══ Records to process

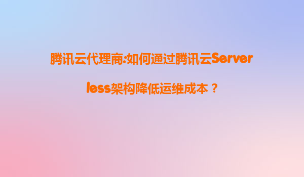腾讯云代理商:如何通过腾讯云Serverless架构降低运维成本?
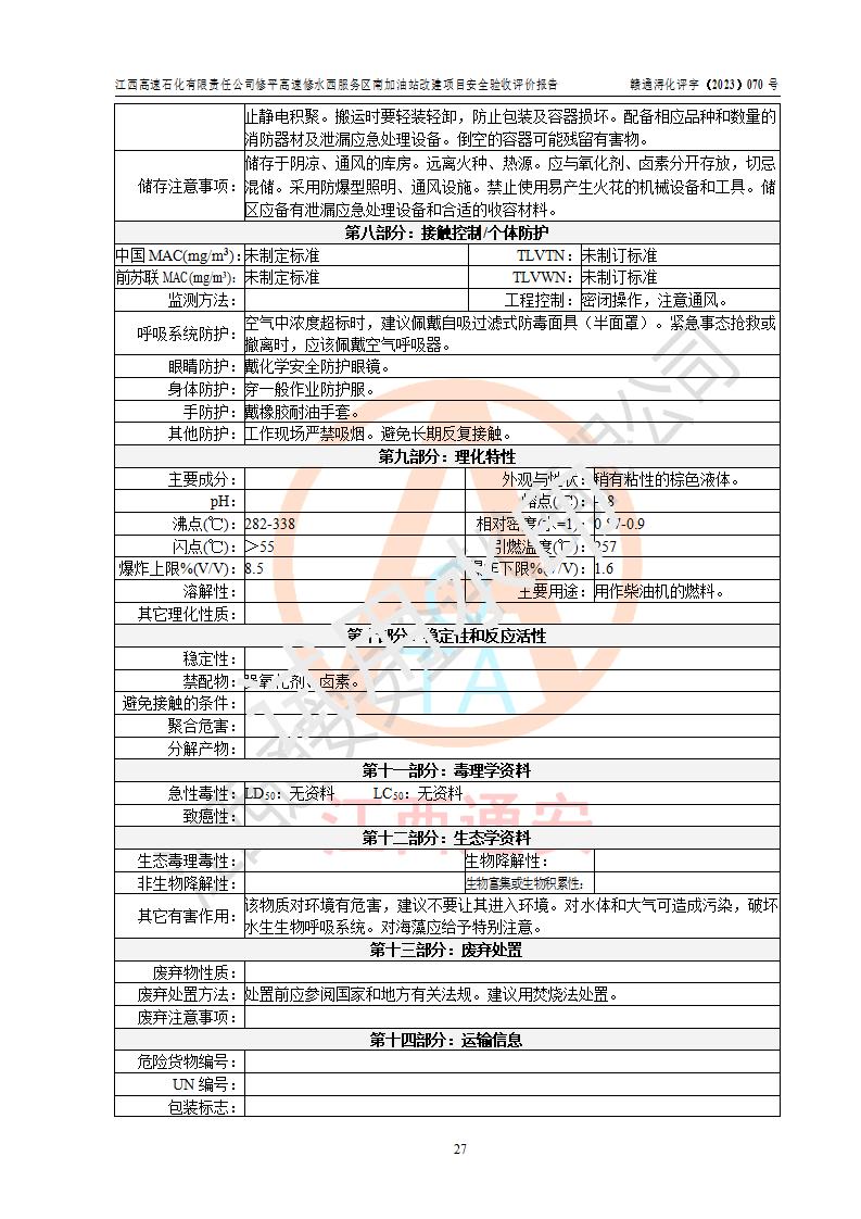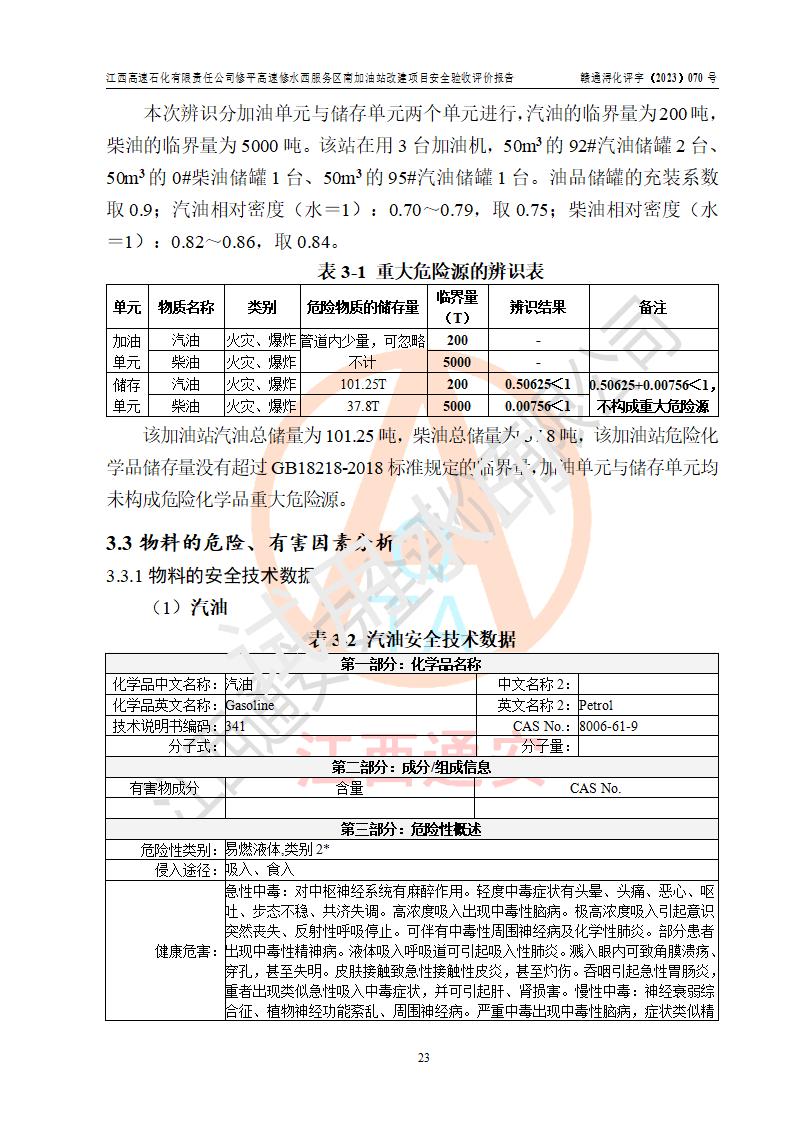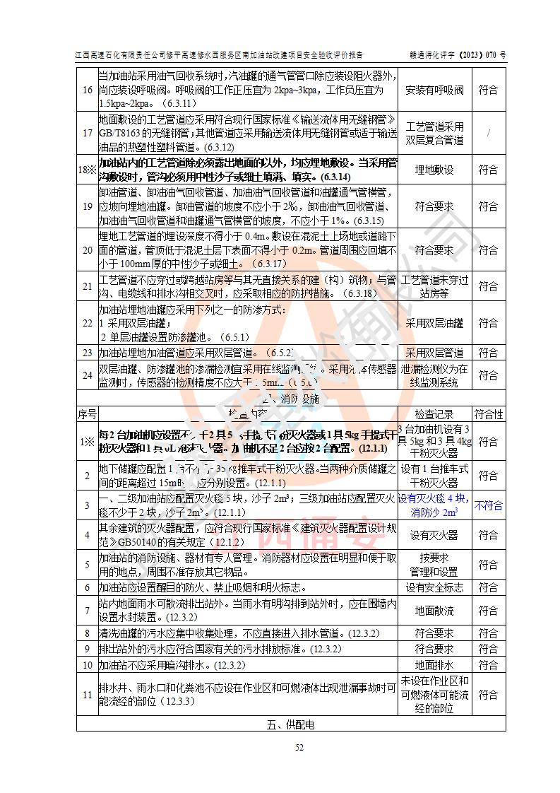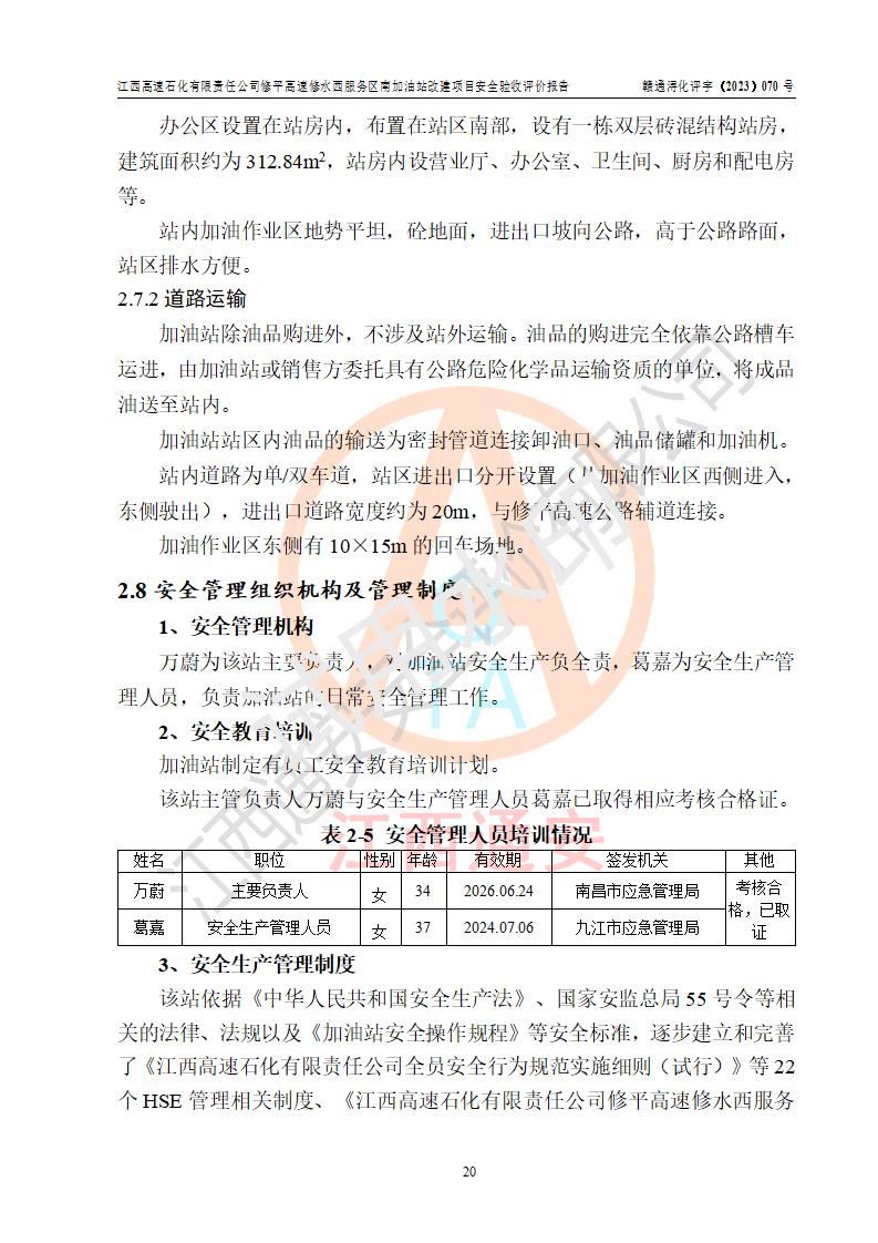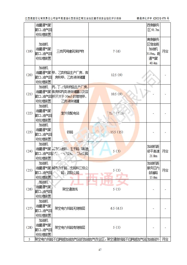 評價結(jié)論 | 江西高速石化有限責任公司修平高速修水西服務(wù)區(qū)南加油站涉及的安全條件、安全經(jīng)營條件、安全生產(chǎn)管理符合《危險化學(xué)品經(jīng)營許可證管理辦法》、《汽車加油加氣加氫站技術(shù)標準》等**有關(guān)法規(guī)、標準、規(guī)范要求,能滿足危險化學(xué)品經(jīng)營安全條件。 | |||
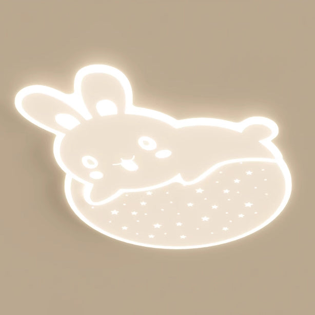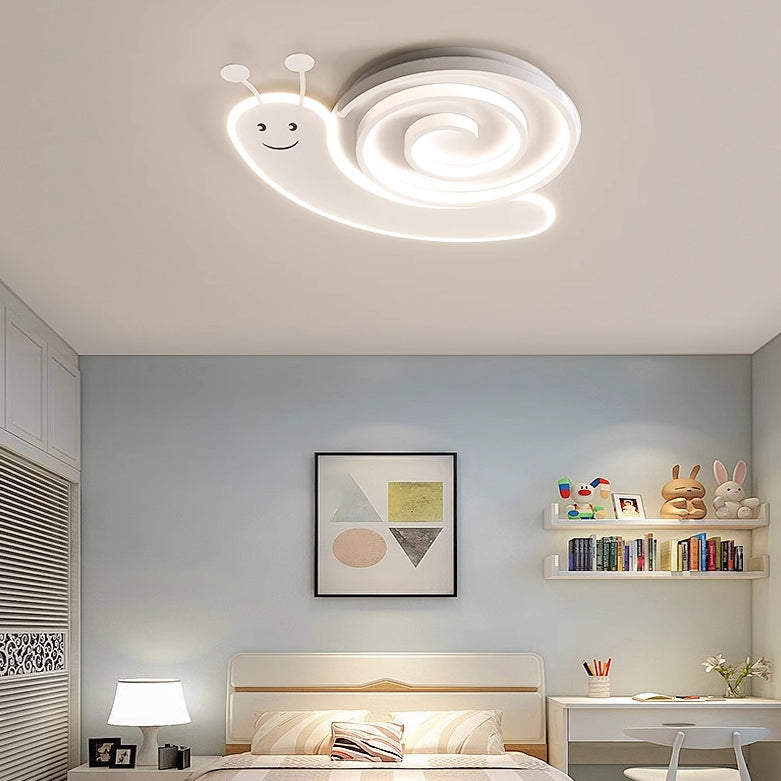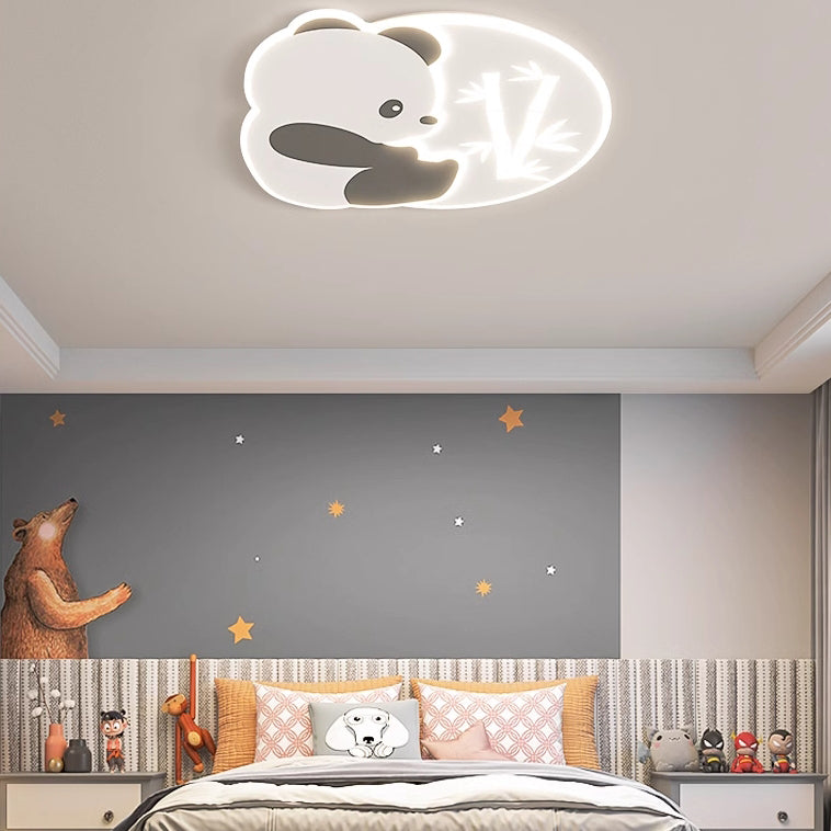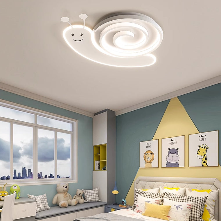 Modern Art Deco Snail Panda Rabbit Round Acrylic Iron LED Flush Mount Ceiling Light For Bedroom
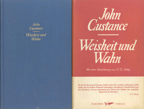 Custance, John: Weisheit und Wahn. Mit einer Einführung von C.G.Jung u. einem Vorwort von Canon L. W. Grensted. Aus dem Engl. Übers. von Dr. R. Bodlander. Zürich, Rascher 1954. XVI, 323 S. OLwd.
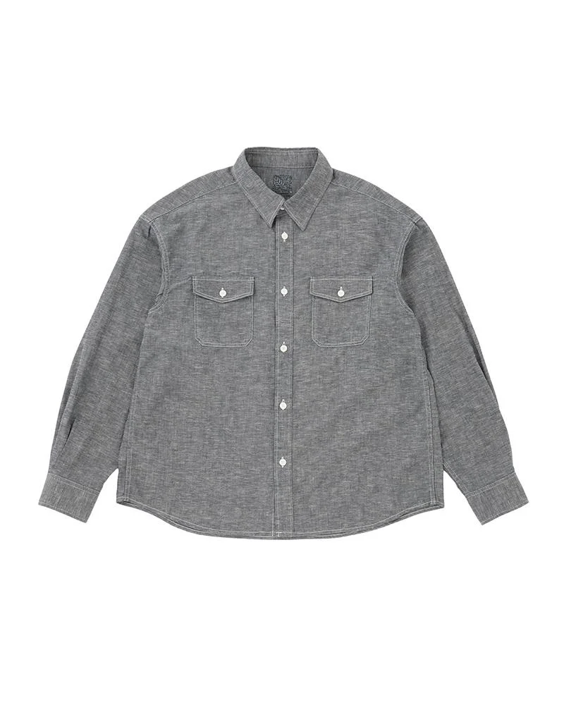 PIONEER CHAMBRAY L/S COLOR: INDIGO, LT.INDIGO SIZE: 1, 2, 3, 4, 5 A shirt made with a woven long staple cotton chambray material featuring a selvedge finish Damaged Finish Custom Water Buffalo Buttons 100% COTTON UNIT:cm : Please be aware that there is a possibility for slight variations in the color appearance and pattern on the fabric that is utilized for this product; each finished garment may be different from the displayed product image. There may also be some shrinkage following the first wash of this product. The Kofu, Bandana, Blanket, African Indigo textile and vintage fabrics used for the name tag and actual product itself vary in color and pattern where no two pieces are alike. Additionally, the degree of deterioration will vary with each fabric depending on its age and historical use so these products should be considered more fragile in comparison to our regularly manufactured products. SIZE LENGTH CHEST SHOULDER SLEEVE 1 69.8 115 57 57.4 2 72.3 119 58.5 58.9 3 74.8 123 60 60.4 4 77.3 128 62 61.9 5 79.8 133 64 63.4

════

▶ _Prompt_
Write all the entries again word for word, minus the pictures.

▶ _Answer space_
腾讯云代理商:如何通过腾讯云Serverless架构降低运维成本?
 評價結(jié)論 | 江西高速石化有限責任公司修平高速修水西服務(wù)區(qū)南加油站涉及的安全條件、安全經(jīng)營條件、安全生產(chǎn)管理符合《危險化學(xué)品經(jīng)營許可證管理辦法》、《汽車加油加氣加氫站技術(shù)標準》等**有關(guān)法規(guī)、標準、規(guī)范要求,能滿足危險化學(xué)品經(jīng)營安全條件。 | |||
 Modern Art Deco Snail Panda Rabbit Round Acrylic Iron LED Flush Mount Ceiling Light For Bedroom
 Custance, John: Weisheit und Wahn. Mit einer Einführung von C.G.Jung u. einem Vorwort von Canon L. W. Grensted. Aus dem Engl. Übers. von Dr. R. Bodlander. Zürich, Rascher 1954. XVI, 323 S. OLwd.
 PIONEER CHAMBRAY L/S COLOR: INDIGO, LT.INDIGO SIZE: 1, 2, 3, 4, 5 A shirt made with a woven long staple cotton chambray material featuring a selvedge finish Damaged Finish Custom Water Buffalo Buttons 100% COTTON UNIT:cm : Please be aware that there is a possibility for slight variations in the color appearance and pattern on the fabric that is utilized for this product; each finished garment may be different from the displayed product image. There may also be some shrinkage following the first wash of this product. The Kofu, Bandana, Blanket, African Indigo textile and vintage fabrics used for the name tag and actual product itself vary in color and pattern where no two pieces are alike. Additionally, the degree of deterioration will vary with each fabric depending on its age and historical use so these products should be considered more fragile in comparison to our regularly manufactured products. SIZE LENGTH CHEST SHOULDER SLEEVE 1 69.8 115 57 57.4 2 72.3 119 58.5 58.9 3 74.8 123 60 60.4 4 77.3 128 62 61.9 5 79.8 133 64 63.4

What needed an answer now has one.